A little (second) life
Tracey Emin's boring bloodletting
Tracey Emin’s new show, A Second Life, at the Tate Modern has opened to the familiar swell of publicity that has surrounded the artist since she first showed My Bed nearly 30 years ago. The reviews have been, to put it mildly, overwrought: “you will come out the other end feeling you’ve been in an emotional tumble dryer”, “a show that gets under your skin and into your bowels”, “like walking in on [Emin] crying, naked, sobbing and snotty” (!). The language used to describe Emin’s work – breathless and corporeal, with an undercurrent of gendered condescension – has become part and parcel of her confessional practice. Her art has drawn on abortion, sexual violence, illness and the detritus of intimate relationships – experiences rendered with a bluntness that was once genuinely destabilising. Yet familiarity alone cannot explain why the discourse around her remains so predictable.
The pattern is not confined to the gallery: in 2026, much cultural criticism has drifted into the realm of experience reporting. See the praise received by Chloé Zhao’s dreadful Oscar-favourite Hamnet. In it, a sweaty, screaming Jessie Buckley grieves the death of her child in one of the more blatant “give-me-an-Oscar” performances in recent memory. Buckley is excellent, her Oscar all but secured, but the film exists as a kind of misery endurance test, grief-porn attached to remarkably drab, incurious filmmaking. Even as the emotional voltage hits full throttle in the film’s climax, nothing shapes or complicates it; feeling is simply presented as proof of seriousness. As I shuffled out of my screening, dry-eyed, to a soundtrack of wailing audience members, I was left with the same question that has long shadowed discussions of Emin’s work: does intensity, on its own, amount to artistic achievement?
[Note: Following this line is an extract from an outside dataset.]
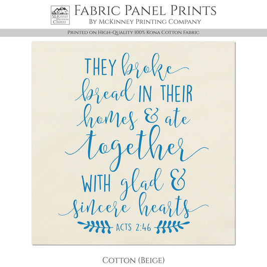 Acts 2:46 - Kona Cotton Fabric, They Broke Bread, Bible Verse, Scripture, Quilting, Wall Art, Canvas, Quilt Block

Both cases reveal a feedback loop: the audience consumes emotional bloodletting, the critics dutifully report on it and the substance of the work recedes ever further from view. To be moved, preferably to the point of collapsing into a blubbering puddle, is to have understood. The exhibition title proposes a deepening of Emin’s practice after weathering a particularly aggressive form of bladder cancer, and the show includes a hallway of stark, albeit artless photographs of her surgery. But if there are substantive differences between her paintings from the early 2000s to now, they are difficult to see in this not-a-retrospective. Her visual grammar is unchanged: abstracted forms rendered in splashy acrylic lie supine, suspended somewhere between declaration and collapse. Emin’s apparatus of hype and celebrity, once energised by New Labour’s cultural politics and the neoliberal turn in the art market, continues to structure what audiences see, what critics report, and what is remembered, even as the work and the ideology that underpinned it yield diminishing returns.
Notable, too, that barely a decade ago Emin was roundly castigated for voting Conservative, unwilling to pay the 50% rate of tax, as though fiscal self-interest were an aberration rather than a founding principle of the YBA scene. This was, after all, a movement incubated by Charles Saatchi, advertising magnate and master of monetised provocation. But the art world’s memory, as ever, has proved conveniently short.
I have no doubt the exhibition will be a success; pictures of massive queues from the opening abounded on my social media yesterday. Yet the times are changing: the infrastructure that upheld Emin and her YBA cohort – a tightly networked circle of dealers, institutions, and journalists – might have been present in full force at Wednesday morning’s opening, but outside this rarefied bubble, it exists largely as nostalgia. Meanwhile, culture is already oversaturated with commodified self-disclosure: reality TV, autofiction and vlogging have all normalised public exposure of intimacy, grief and trauma. Emin’s project might have worked too well. The real question is not whether A Second Life moves us, but whether it demands anything more than that we be moved – or indeed – why?